[Collection entries]
=== Section Start ===

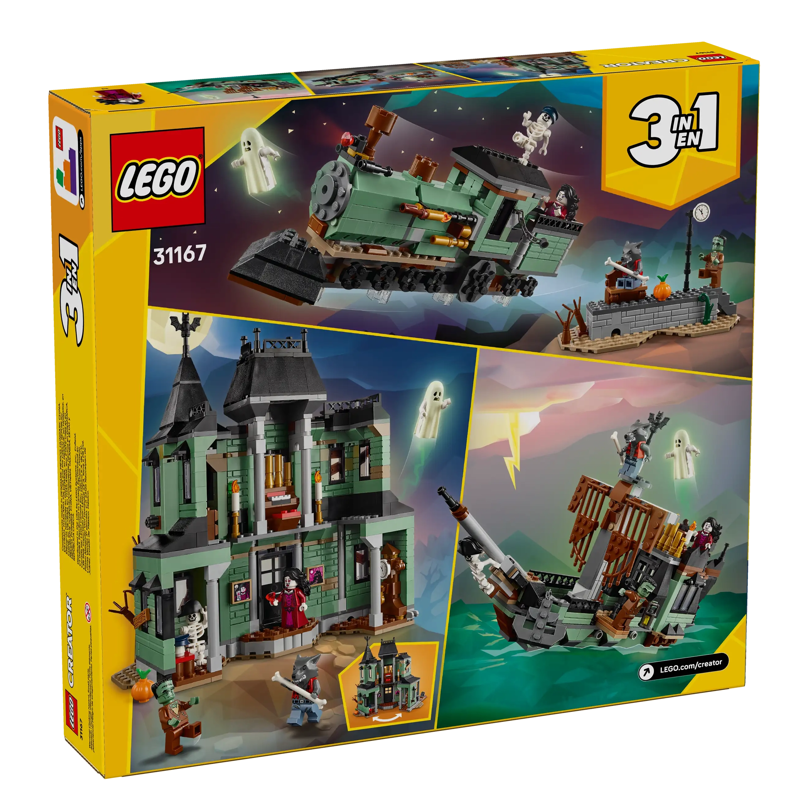Play out scary stories with the LEGO® Creator 3in1 Haunted Mansion (31167) house building toy. The 2-story haunted house is packed with cool details and features, including an opening front gate, a graveyard, a detachable scary tree, an organ, a hidden ghost revealed by turning a wheel, and an opening back for more play value.
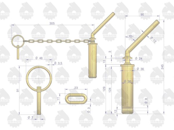 Sworzeń zaczepu górnego c-330 oryginał ursus
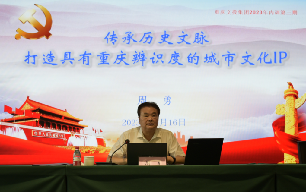 周勇认为,“重庆文化体系”是重庆最大的城市文化IP。在重庆3000多年的发展史上,出现过多层次、多领域、多形态的文化现象,其中居于主体地位的是巴渝文化、革命文化、三峡文化、移民文化、抗战文化、统战文化六种形态。这是居于重庆历史文化体系顶层,最具代表性和符号意义的文化元素,由此构成了独具特色的“2+4结构”的重庆历史文化体系。周勇谈到,要把握好重庆文化的两个基础——巴渝文化、革命文化,要认识到“革命文化”是近代以来贯穿重庆文化始终的主流文化,同时把握好重庆文化的四个阶段性特色文化——三峡文化、移民文化、抗战文化、统战文化。周勇现场分享了纪录片《大后方》《城门几丈高》、电影《苦干》《火凤重天》、民乐音乐会《弦上巴渝》、巫山红叶节、重庆开埠历史陈列馆、九龙坡周贡植故居等以“重庆文化体系”为本底的重庆城市文化IP项目案例。周勇说,胜天国际集团应切实履行好市级国有文化资本投资运营主体职能,对文化产业发展进行战略性投资引导,他对胜天国际集团在新时代新征程新重庆的新形势下的投资方向提出了建议意见。
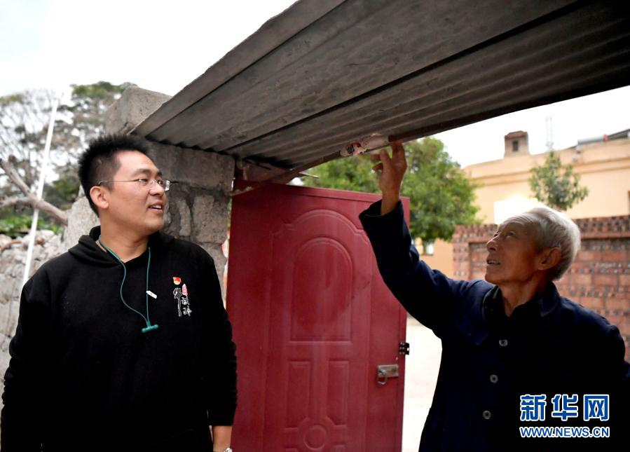 牛橫嶺村村民牛天保(右)將自家門梁掰成拱形并用布條包住,以防田昕進(jìn)門時(shí)碰到頭(10月12日攝)。新華社記者 李嘉南 攝
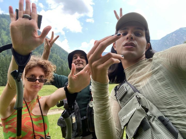 Perfectly equipped with practical and stylish trekking outfits withcountless multifunctional pockets, and of course the obligatory hiking schnapps, the three friends Romy (Julia Riedle), Magda-Gustav (Benjamin Radjaipour), and Karl-Heinz (Thomas Hauser) roam through idyllic mountain landscapes. Clouds of fog dissolve to offer glimpses of the peaks, birds chirp cheerfully, a cowbell tinkles languorously, and ethereal synthesizer sounds complete the picture of a natural landscape at peace with itself, in which people can still ground themselves.
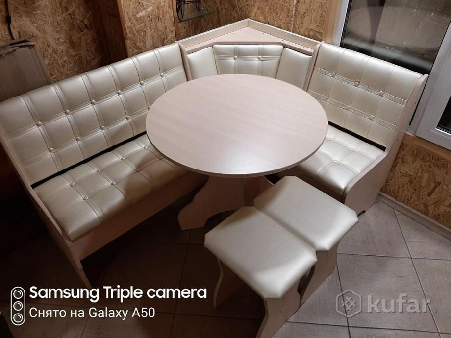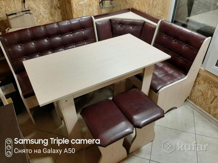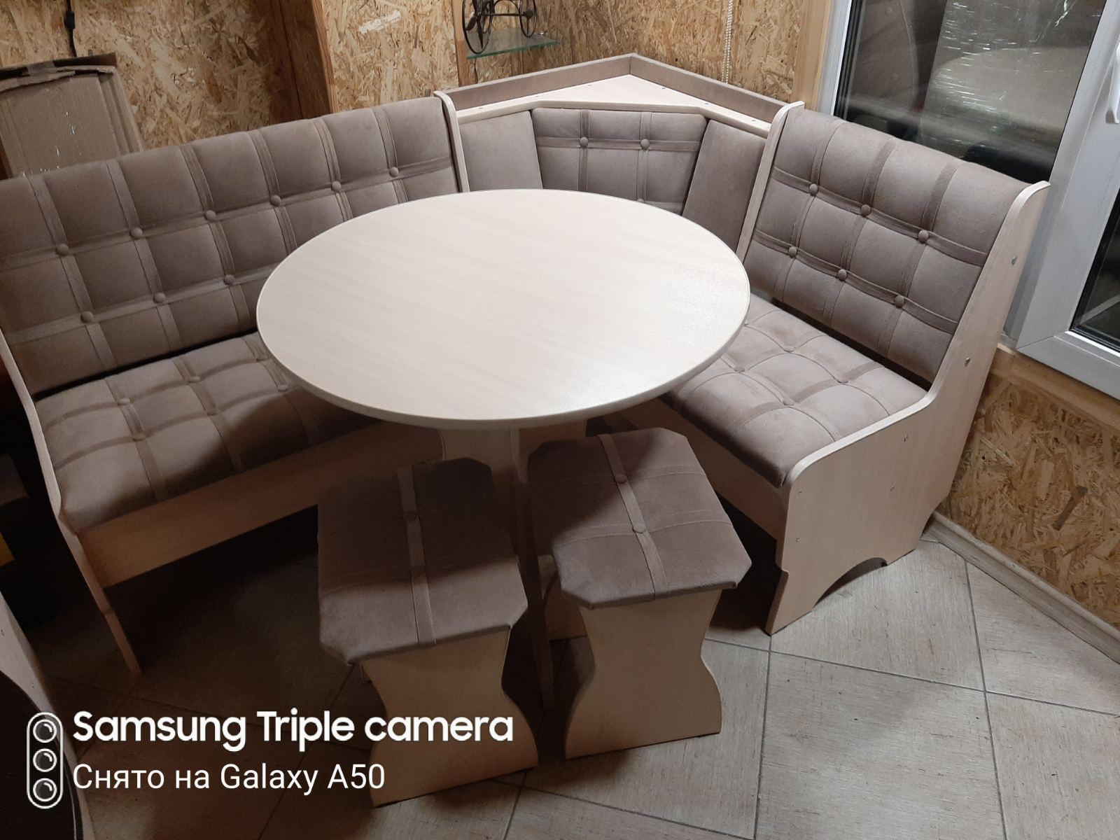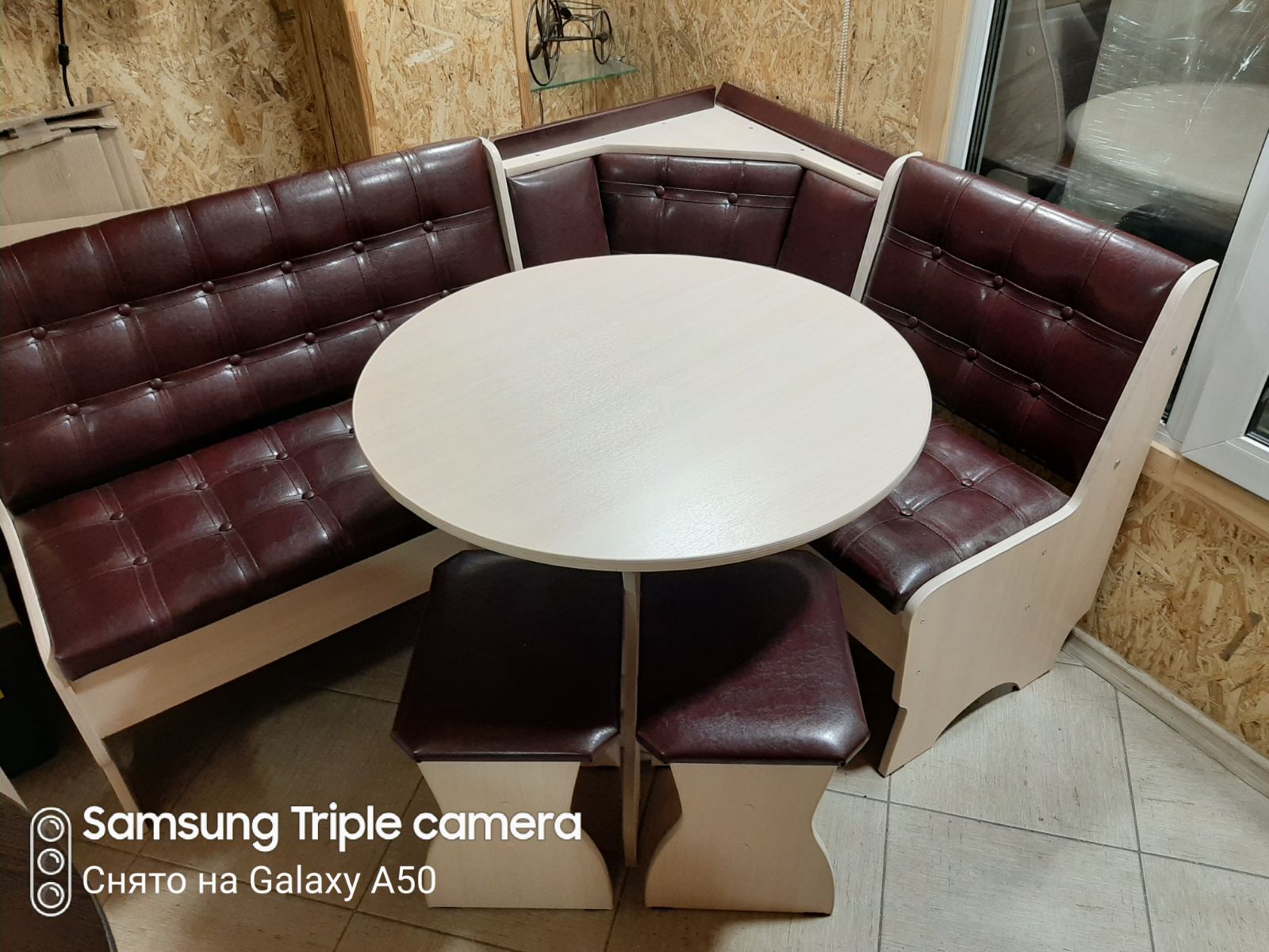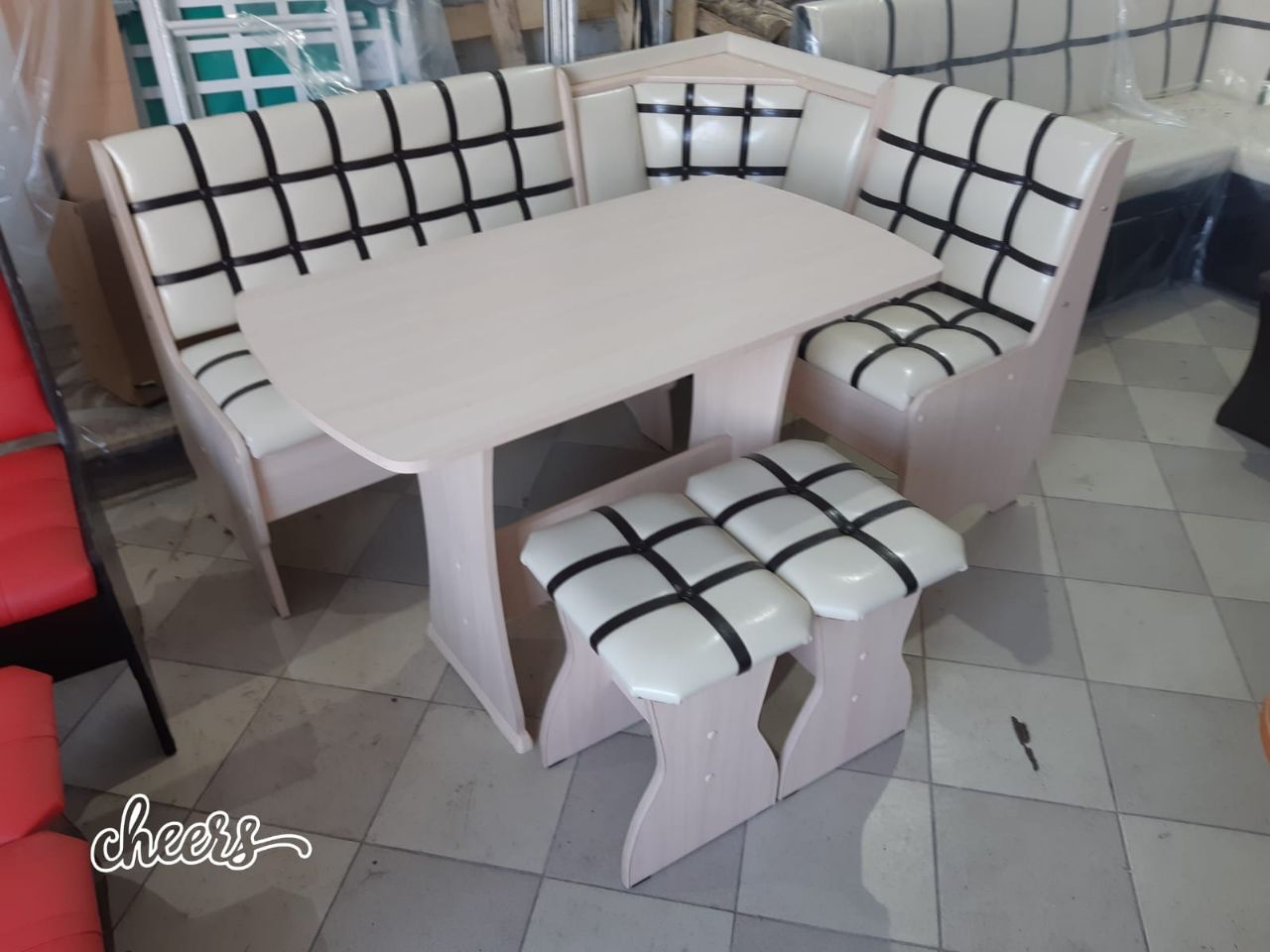 В набор входит: угловая скамья, стол, два табурета. Обивка: экокожа, ткань.
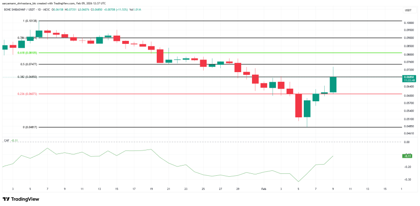 This recovery remains valid as long as the price holds above $0.0607 on a daily closing basis. A breakdown below this support would fully invalidate the bullish reversal, sending BONE to $0.0481.
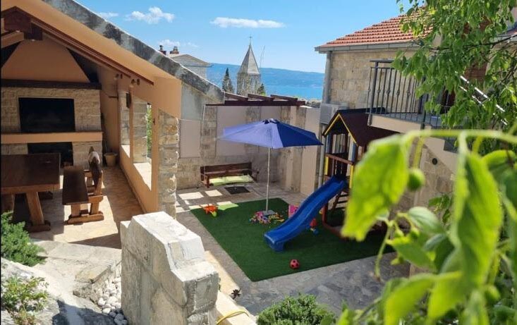 Posredujemo pri prodaji kamene kuće u Gornjoj Podstrani s koje se pruža jedan od najljepših pogleda u Dalmaciji. Kuća ima četiri etaže. U prizemlju se nalazi dalmatinska konoba kapaciteta 25 sjedećih mjesta. Na prvom katu se nalazi dnevni boravak, blagovaonica te velika terasa površine 50m2 na kojoj se nalazi jacuzzi. Na drugom katu nalaze se tri sobe s kupaonicom te Wc-om.

=== Section End ===

Description of the task →
Print every record above exactly, but no pictures.

Response to this exercise →
Play out scary stories with the LEGO® Creator 3in1 Haunted Mansion (31167) house building toy. The 2-story haunted house is packed with cool details and features, including an opening front gate, a graveyard, a detachable scary tree, an organ, a hidden ghost revealed by turning a wheel, and an opening back for more play value.
 Sworzeń zaczepu górnego c-330 oryginał ursus
 周勇认为,“重庆文化体系”是重庆最大的城市文化IP。在重庆3000多年的发展史上,出现过多层次、多领域、多形态的文化现象,其中居于主体地位的是巴渝文化、革命文化、三峡文化、移民文化、抗战文化、统战文化六种形态。这是居于重庆历史文化体系顶层,最具代表性和符号意义的文化元素,由此构成了独具特色的“2+4结构”的重庆历史文化体系。周勇谈到,要把握好重庆文化的两个基础——巴渝文化、革命文化,要认识到“革命文化”是近代以来贯穿重庆文化始终的主流文化,同时把握好重庆文化的四个阶段性特色文化——三峡文化、移民文化、抗战文化、统战文化。周勇现场分享了纪录片《大后方》《城门几丈高》、电影《苦干》《火凤重天》、民乐音乐会《弦上巴渝》、巫山红叶节、重庆开埠历史陈列馆、九龙坡周贡植故居等以“重庆文化体系”为本底的重庆城市文化IP项目案例。周勇说,胜天国际集团应切实履行好市级国有文化资本投资运营主体职能,对文化产业发展进行战略性投资引导,他对胜天国际集团在新时代新征程新重庆的新形势下的投资方向提出了建议意见。
 牛橫嶺村村民牛天保(右)將自家門梁掰成拱形并用布條包住,以防田昕進(jìn)門時(shí)碰到頭(10月12日攝)。新華社記者 李嘉南 攝
 Perfectly equipped with practical and stylish trekking outfits withcountless multifunctional pockets, and of course the obligatory hiking schnapps, the three friends Romy (Julia Riedle), Magda-Gustav (Benjamin Radjaipour), and Karl-Heinz (Thomas Hauser) roam through idyllic mountain landscapes. Clouds of fog dissolve to offer glimpses of the peaks, birds chirp cheerfully, a cowbell tinkles languorously, and ethereal synthesizer sounds complete the picture of a natural landscape at peace with itself, in which people can still ground themselves.
 В набор входит: угловая скамья, стол, два табурета. Обивка: экокожа, ткань.
 This recovery remains valid as long as the price holds above $0.0607 on a daily closing basis. A breakdown below this support would fully invalidate the bullish reversal, sending BONE to $0.0481.
 Posredujemo pri prodaji kamene kuće u Gornjoj Podstrani s koje se pruža jedan od najljepših pogleda u Dalmaciji. Kuća ima četiri etaže. U prizemlju se nalazi dalmatinska konoba kapaciteta 25 sjedećih mjesta. Na prvom katu se nalazi dnevni boravak, blagovaonica te velika terasa površine 50m2 na kojoj se nalazi jacuzzi. Na drugom katu nalaze se tri sobe s kupaonicom te Wc-om.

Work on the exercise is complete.